La venganza de Yura

El Ministerio Público investigaba las muertes de seis sujetos, todos ellos con antecedentes penales de robos, hurtos y asaltos, lo que deducía que había una guerra entre ellos o alguien los liquidaba.

Una inmensa ola de estos hechos punibles se desataron sobre Chiriquí Grande, en Bocas del Toro, Panamá, en residencias, hoteles, comercios, a los latinos e indígenas que salían ebrios de los bares.

De pronto aparecieron las cabezas, con lo que se identificó a los criminales porque estaban fichados, no obstante, los cuerpos no se encontraban, mientras que una patrulla del Servicio Nacional Aeronaval (Senan) reportó dos veces que una chulapa entraba en el río Cricamola sin ocupantes.
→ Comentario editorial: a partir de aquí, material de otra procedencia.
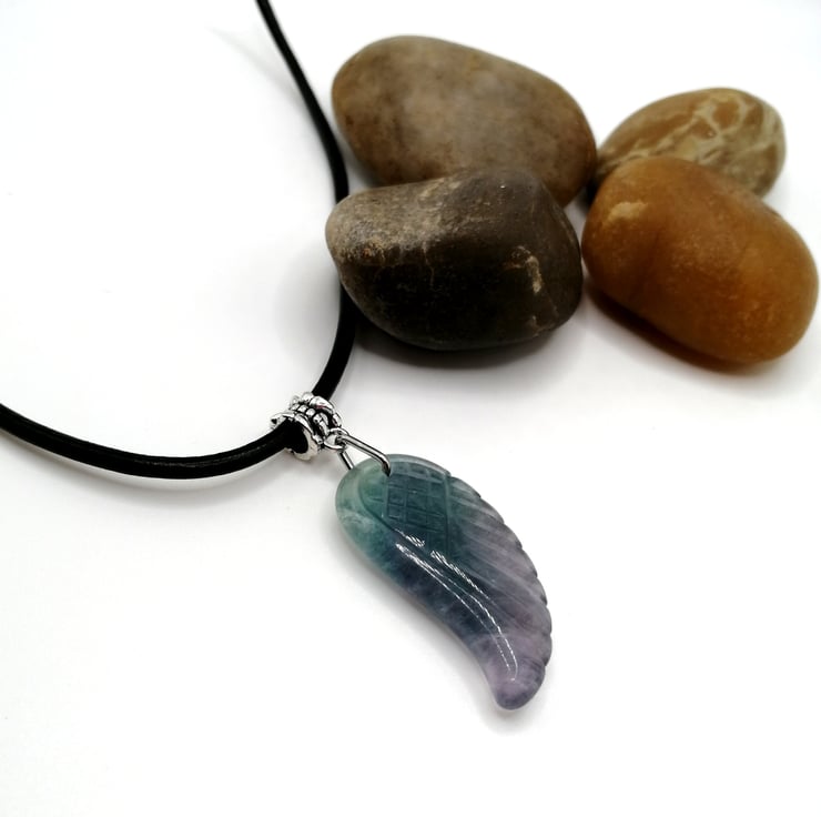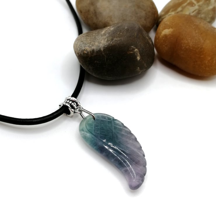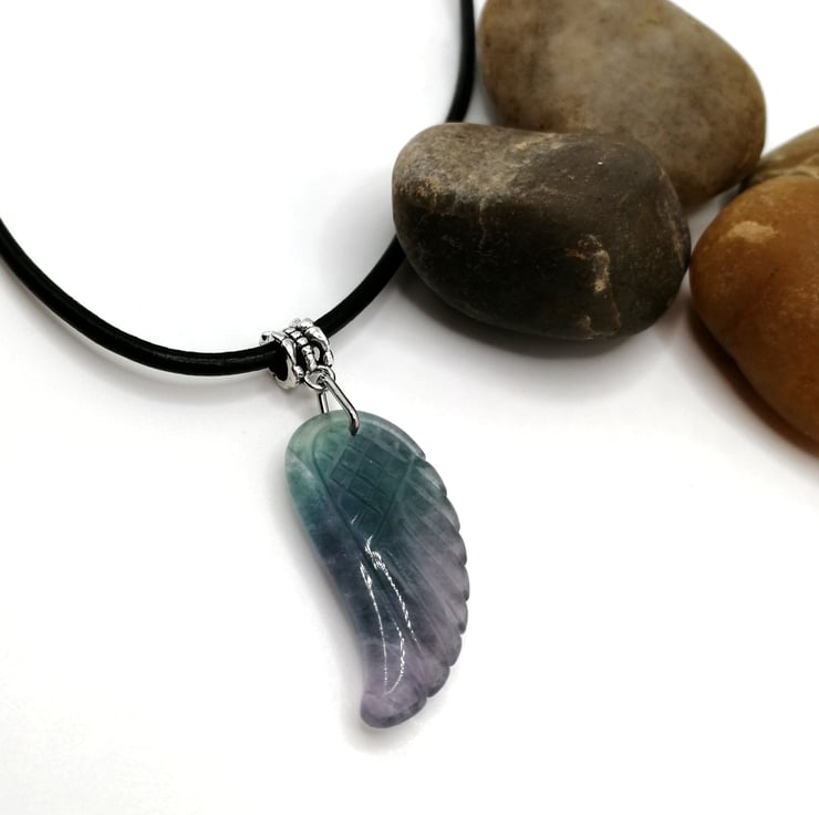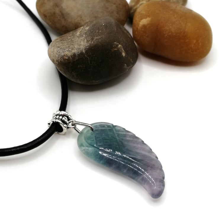 This beautifully carved angel wing is made from fluorite. The butterfly at the bottom is glass. Please leave me a message with your choice of necklace length and type. I am able to offer black or brown leather or silver plated chain. If I don't receive a message I will send a 18 inch black leather necklace.
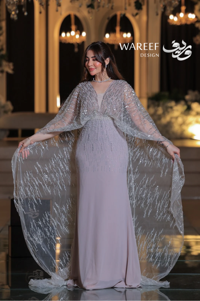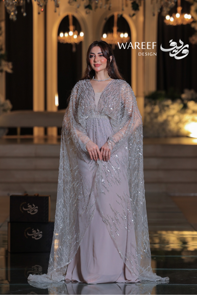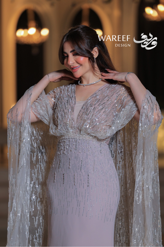 تخيلي إطلالة تنسجها خيوط الضوء، حيث يمتزج اللون اللحمي الهادئ مع بريق الفضة الخاطف. يقدم لكِ وريف فاشن فستاناً لا يشبه سواه، قطعة صُممت لتروي قصة عن الأناقة الهادئة والفخامة التي تكمن في أدق التفاصيل، لتكوني نجمة أمسيتكِ بلا منازع.
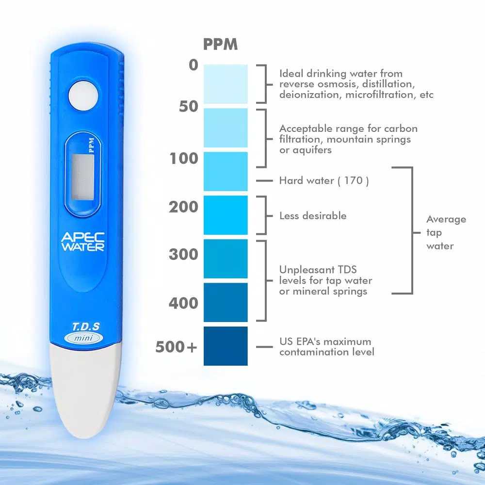 TDS stand for Total dissolved solids, which includes Salt, metal or mineral in the water. A TDS meter is an easy to use hand-held digital meter to instantly check your overall water quality. It allows you to stay on top of your drinking water quality at all times! with the push of a button, the TDS meter can tell you your overall water purity level, which will be displayed on the screen measured in parts per million (ppm). the lower the number showing on the TDS meter means the purer the water quality, with 0 ppm being perfect and pure water. The TDS meter is a great tool for water filtration, water purification and drinking water. It is also great for checking your tap water quality, or knowing when to change your filters for your water filter systems. Replaceable 3V battery and vinyl case included specifications: range: 0-1999ppm tds sensitivity: 1 ppm tds probe material: stainless steel storage temperature: 0°C 80°C operating temperature: 10°C 40°C dimension: 128mm (L) x 25mm (W) x 20mm (h) weight: 1.24 oz. Battery type: 3V Cr2032 factory calibrated: calibrate with a 300 ppm 442 solution.
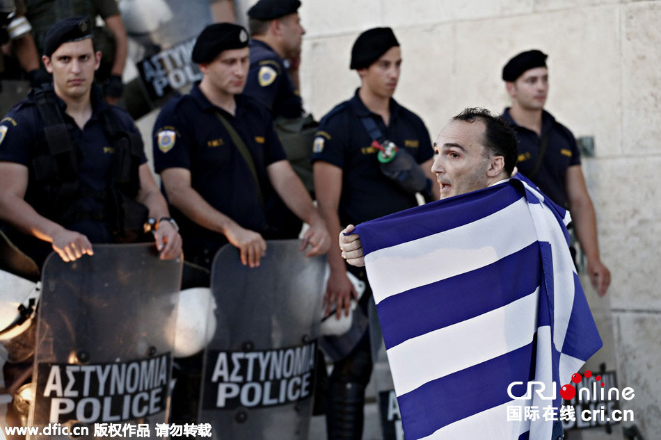 当地时间2015年7月13日,希腊雅典,民众举行反欧盟示威活动,抗议债务协议终达成和紧缩政策。据悉,欧洲理事会主席图斯克当天在布鲁塞尔宣布,欧元区领导人与希腊就新一轮援助协议达成一致,希腊此次将避免脱离欧元区。图片来源:东方IC
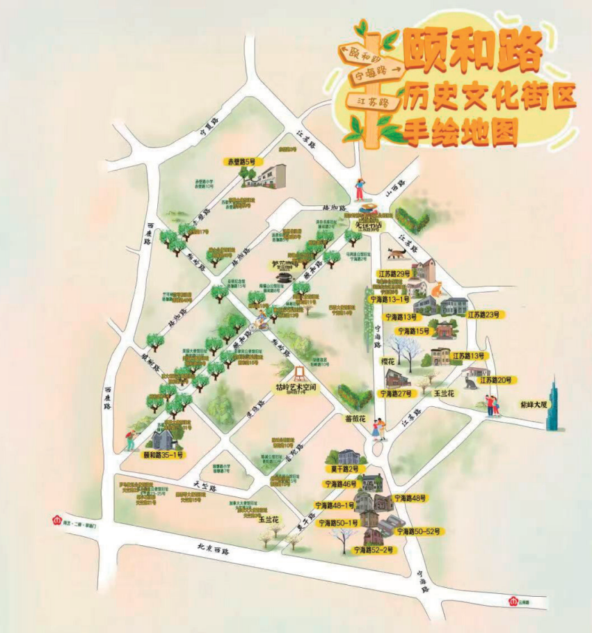 颐和路先锋书店里一款卡通版颐和路街区手绘地图,设计精美,图文并茂,民国建筑标注清晰,吃喝玩乐一看尽知,深受读者喜爱 。如今,南京许多旅游景点和历史文化街区都有自己的手绘地图,这些地图留存着南京城市记忆,也让人们感受到城市的温度 。南京摄影爱好者陆钦阳曾手绘一幅“南京民国公使馆导览图”,连同图片在微博上发布后,迅速在网上走红 。如比利时使馆、荷兰使馆、国际联欢社……这些隐匿在南京大街小巷的民国公使馆,恐怕不少老南京也不一定认识,但在这张手绘地图上都可以找到。
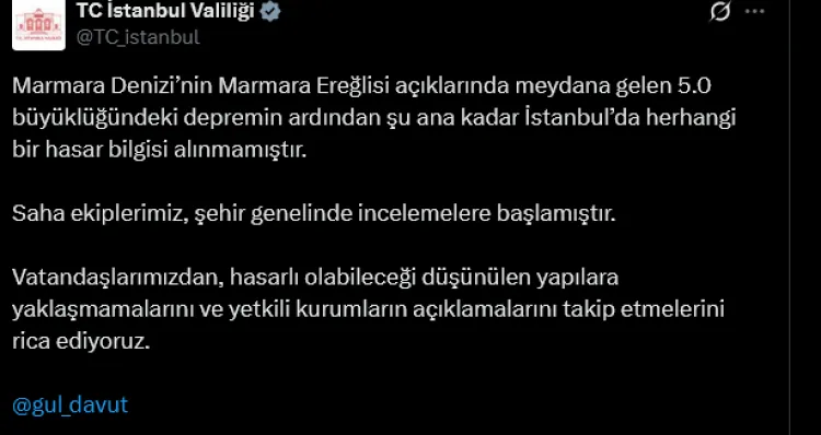 İstanbul Valiliği'nin sosyal medya hesabından da herhangi bir olumsuzluğun bildirilmediği belirtilerek, saha ekiplerinin çalışmaların sürdürüldüğünü kaydetti.
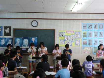 子どもたちからは,「いつもだったら,誰かに合わせて吹いているけど,自分が吹かなかったら音がなくなるので大変だった」「一人一人の責任感が増したけど,やりがいはあった。」などの感想がありました。
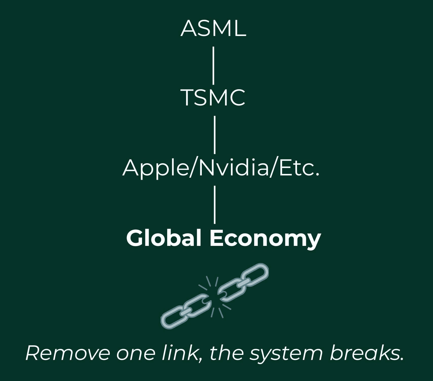 • Then, TSMC purchases that highly specialized equipment from ASML and builds the leading computer chips in the world.
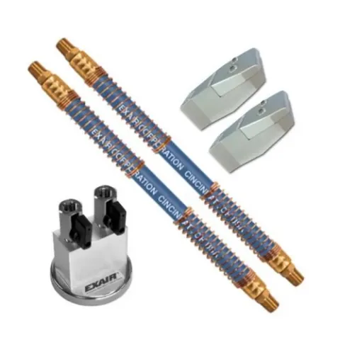 The 2" High Power Flat Super Air Nozzle with Stay Set Hose and Mag Base includes EXAIR's Flexible Stay Set Hose for applications where repositioning or aiming is required and a Two Outlet Magnetic Base for firm attachment to metallic machinery. EXAIR's 2" High Power Flat Super Air Nozzles produce a flat 2" (51mm) wide airstream with a strong blowing force of 2.2 pounds (1,134 grams). The adjustable force is more than three times that of ordinary air nozzles. It uses EXAIR's patented technology to maximize entrained airflow while reducing noise levels.

“Pueblo chico, infierno grande”, dice un viejo refrán, la noticia se diseminó por toda la zona, ciudadanos comunes y corrientes, profesionales, comerciantes y docentes se negaron a salir por las noches.

Todos temían que su cabeza apareciera cualquier calle de Chiriquí Grande, así que el asunto era de terror.

Unos decían que era un fantasma que se vengaba de los antisociales, los asesinaba, dejaba sus cabezas como escarmiento al resto de los criminales y se llevaba los cuerpos para sepultarlos en alguna parte de las orillas del Cricamola.

Las autoridades no tenían pista alguna, no había declaraciones, huellas, sangre, ADN, porque las cabezas presentaban el corte de un solo tasajo y quemadas para evitar la salida de líquidos.

En medio del horror bocatoreño, Celestino Becker, era un residente, mitad ngäbe-buglé y mitad “latino”, ya que su papá era colonense.

Fue criado por una abuela, presentaba mala conducta desde niño, estuvo preso por robar a dos indígenas e iba hasta Almirante a cometer delitos.



El buyacito, medio acholado, de baja estatura, ojos pardos y algo obeso, no respetaba nada y a nadie.

Sus amigos malandrines le comentaron sobre el asesino de ladrones, pero el tipo no le paró bola y planeó, el próximo viernes, robar algún ebrio que saliera de cualquiera de los bares en Chiriquí Grande.

Esa noche, para inspirarse mejor, Celestino se trabó su “pito” y salió a delinquir, se colocó en las inmediaciones de la escuela cuando vio un latino, borracho, salir de una cantina.

Lo siguió hasta la carretera que conduce a Gualaca y frente a los tanques de la empresa Petroterminales de Panamá, y atacó.

Dos trompadas fueron suficientes para que su víctima cayera a la tierra, debajo de un árbol, lo registró, se llevó un botín de 62 dólares y un reloj de 25 dólares, más el celular de 100 dólares.

Se fue caminando y a los diez minutos, en una calle oscura, fue el terrorífico encuentro.

Una figura gris, de humo, un ciempiés, de 2 metros y medio de largo, con sus ojos negros, sus antenas con puntas, inmensas fosas nasales, abría y cerraba su boca.

El miedo infligido a Celestino, fue tanto que mojó sus pantalones, soltó lo robado, gritó y nadie escuchó, la humareda los rodeó a ambos, no había visibilidad alguna.

Celestino retrocedió, el movimiento de las patas del gigantesco artrópodo, era muy brusco y el criminal movía su cabeza en gesto negativo.



-No lo haré más, por favor déjame vivir-.

-Yura no perdona, mi madre y yo fuimos asesinados por maleante como tú-.

Ante los ojos del mestizo, el ciempiés se convirtió en indio ngäbe-buglé, con cabello largo, lacio y abundante, de baja estatura, cuerpo de atleta y ojos brillantes y oscuros.

Celestino se inclinó frente a Yura, en las manos del fantasma se apareció un machete con fuego en su punta, midió y de un solo tiro le cortó la cabeza al antisocial.

Minutos después, una patrulla del Senan seguía una canoa con motor  en el mar Caribe y sin tripulantes, no obstante, al llegar al delta del Cricamola, la pequeña embarcación desapareció sin dejar rastro.

Solamente quedó la cabeza de Celestino y por eso fue reconocido por su abuela.